Similarly, transmission of E. coli isolates between humans and their companion animals (particularly dogs) has been observed in multiple STs, including ST95^42,43,44,45. Clonal isolates of ST131 have also been reportedly isolated from humans and canines in Europe⁴⁶. We also reported previously phylogenetic overlap between isolates of ST131 from humans, canines, wastewater and wild birds which ranged between 37 and 76 SNPs; a trend echoed further in the present dataset⁴⁷. Studies suggest municipal waste and sewage treatment sites visited by wildlife are likely to be important for the movement of ST131 and other E. coli STs, as well as other Enterobacterales^38,40,47,48. We frequently identified genomic clusters of isolates spanning humans and wild animals, particularly wild bird species.

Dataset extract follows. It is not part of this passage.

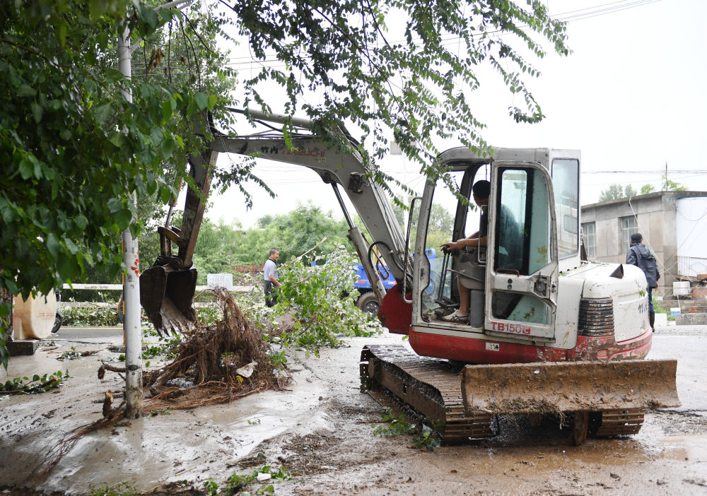 8月1日,在北京市房山區青龍湖鎮上萬村,工作人員清理倒伏樹木。新華社記者 張晨霖 攝

Deeper and broader sampling efforts are needed to examine the full extent by which wildlife and waste streams may enable dissemination of AMR and emerging and pandemic pathogens.

By utilising a relatively high threshold for genomic clusters (100 SNP) we account for protracted transmission pathways potentially involving multiple vectors and reservoirs that would expose E. coli to diverse selection pressures^49,50,51, impacting baseline mutation rates⁵¹ and promoting genetic rearrangements of AMR associated loci⁵². Most studies on E. coli mutation rates have occurred in laboratory settings or single hosts⁵³ and little is known about the impact of diverse selection pressures and transmission across different matrices and lifestyles. Less conservative phylogenetic distance thresholds are therefore justified to gain an understanding of the movement of E. coli across sectors and the source combinations and sequence types associated with such movement. Standard clustering metrics were not useful for selecting an appropriate SNP threshold (Supplementary Fig. 5); therefore, we encourage further research on the development and validation of cluster quality indicators that are more suitable for evaluating heterogeneous One Health datasets, such as in the present study.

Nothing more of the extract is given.